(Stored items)
::::::::

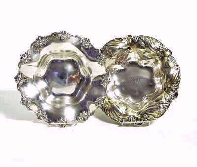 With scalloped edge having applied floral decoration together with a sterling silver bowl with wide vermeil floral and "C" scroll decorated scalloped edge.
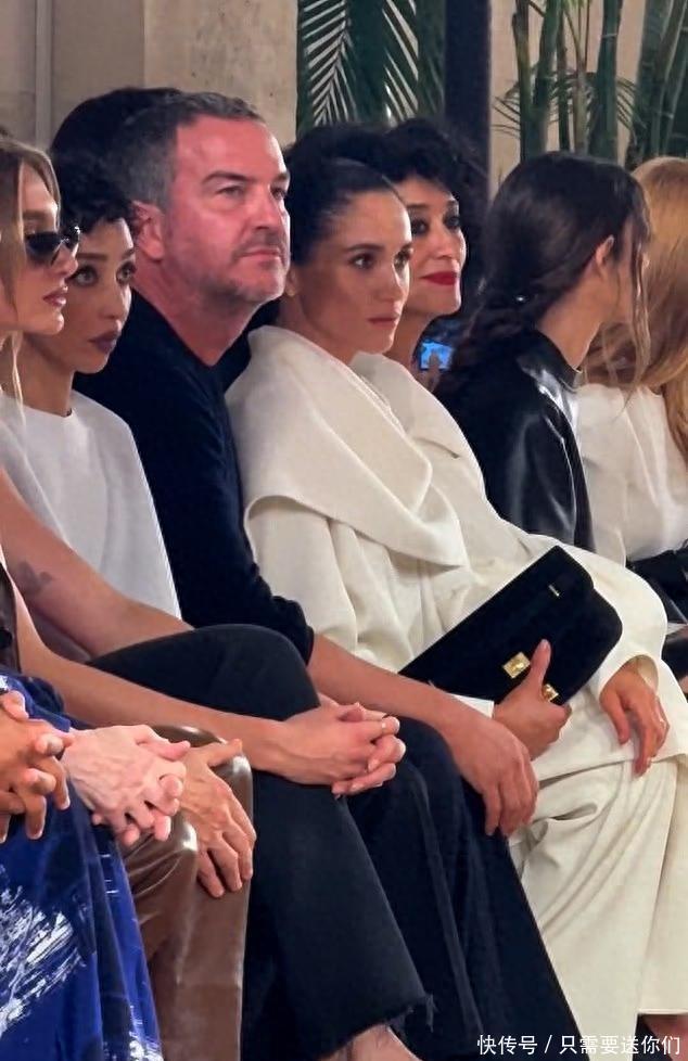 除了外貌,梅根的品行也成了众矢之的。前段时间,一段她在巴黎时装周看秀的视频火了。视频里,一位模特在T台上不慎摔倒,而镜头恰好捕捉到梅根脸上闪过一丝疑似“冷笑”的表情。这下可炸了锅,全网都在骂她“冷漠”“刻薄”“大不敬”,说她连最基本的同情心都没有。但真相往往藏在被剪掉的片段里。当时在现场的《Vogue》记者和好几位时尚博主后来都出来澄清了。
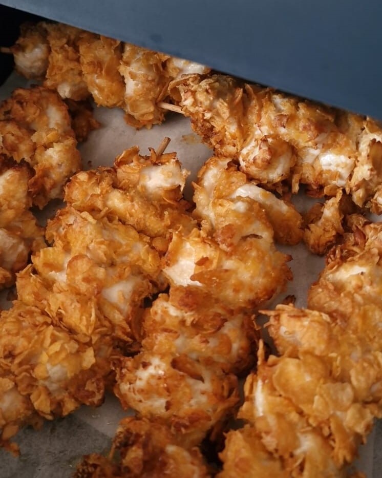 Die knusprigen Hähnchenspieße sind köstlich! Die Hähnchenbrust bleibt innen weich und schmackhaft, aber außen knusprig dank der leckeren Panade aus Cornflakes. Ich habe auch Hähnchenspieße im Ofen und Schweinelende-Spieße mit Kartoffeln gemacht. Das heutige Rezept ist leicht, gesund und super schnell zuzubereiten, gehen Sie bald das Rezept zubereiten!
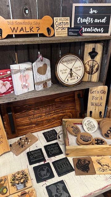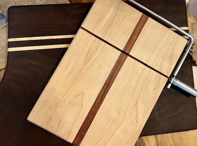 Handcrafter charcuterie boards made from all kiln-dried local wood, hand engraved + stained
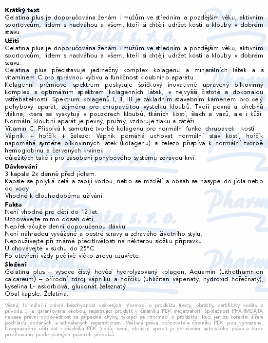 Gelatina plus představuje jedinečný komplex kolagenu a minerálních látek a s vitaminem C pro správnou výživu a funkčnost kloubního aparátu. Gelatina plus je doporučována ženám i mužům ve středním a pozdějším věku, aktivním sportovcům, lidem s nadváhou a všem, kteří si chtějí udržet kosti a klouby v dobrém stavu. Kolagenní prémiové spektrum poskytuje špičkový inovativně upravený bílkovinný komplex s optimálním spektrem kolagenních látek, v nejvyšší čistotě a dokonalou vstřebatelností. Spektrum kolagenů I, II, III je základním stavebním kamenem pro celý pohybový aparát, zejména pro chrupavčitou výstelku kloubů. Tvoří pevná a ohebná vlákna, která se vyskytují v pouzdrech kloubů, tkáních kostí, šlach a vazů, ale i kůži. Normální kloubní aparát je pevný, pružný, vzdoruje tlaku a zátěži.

::::::::

Problem to work on: Only the records are wanted, copied exactly, with the pictures dropped.

Answer area:
 With scalloped edge having applied floral decoration together with a sterling silver bowl with wide vermeil floral and "C" scroll decorated scalloped edge.
 除了外貌,梅根的品行也成了众矢之的。前段时间,一段她在巴黎时装周看秀的视频火了。视频里,一位模特在T台上不慎摔倒,而镜头恰好捕捉到梅根脸上闪过一丝疑似“冷笑”的表情。这下可炸了锅,全网都在骂她“冷漠”“刻薄”“大不敬”,说她连最基本的同情心都没有。但真相往往藏在被剪掉的片段里。当时在现场的《Vogue》记者和好几位时尚博主后来都出来澄清了。
 Die knusprigen Hähnchenspieße sind köstlich! Die Hähnchenbrust bleibt innen weich und schmackhaft, aber außen knusprig dank der leckeren Panade aus Cornflakes. Ich habe auch Hähnchenspieße im Ofen und Schweinelende-Spieße mit Kartoffeln gemacht. Das heutige Rezept ist leicht, gesund und super schnell zuzubereiten, gehen Sie bald das Rezept zubereiten!
 Handcrafter charcuterie boards made from all kiln-dried local wood, hand engraved + stained
 Gelatina plus představuje jedinečný komplex kolagenu a minerálních látek a s vitaminem C pro správnou výživu a funkčnost kloubního aparátu. Gelatina plus je doporučována ženám i mužům ve středním a pozdějším věku, aktivním sportovcům, lidem s nadváhou a všem, kteří si chtějí udržet kosti a klouby v dobrém stavu. Kolagenní prémiové spektrum poskytuje špičkový inovativně upravený bílkovinný komplex s optimálním spektrem kolagenních látek, v nejvyšší čistotě a dokonalou vstřebatelností. Spektrum kolagenů I, II, III je základním stavebním kamenem pro celý pohybový aparát, zejména pro chrupavčitou výstelku kloubů. Tvoří pevná a ohebná vlákna, která se vyskytují v pouzdrech kloubů, tkáních kostí, šlach a vazů, ale i kůži. Normální kloubní aparát je pevný, pružný, vzdoruje tlaku a zátěži.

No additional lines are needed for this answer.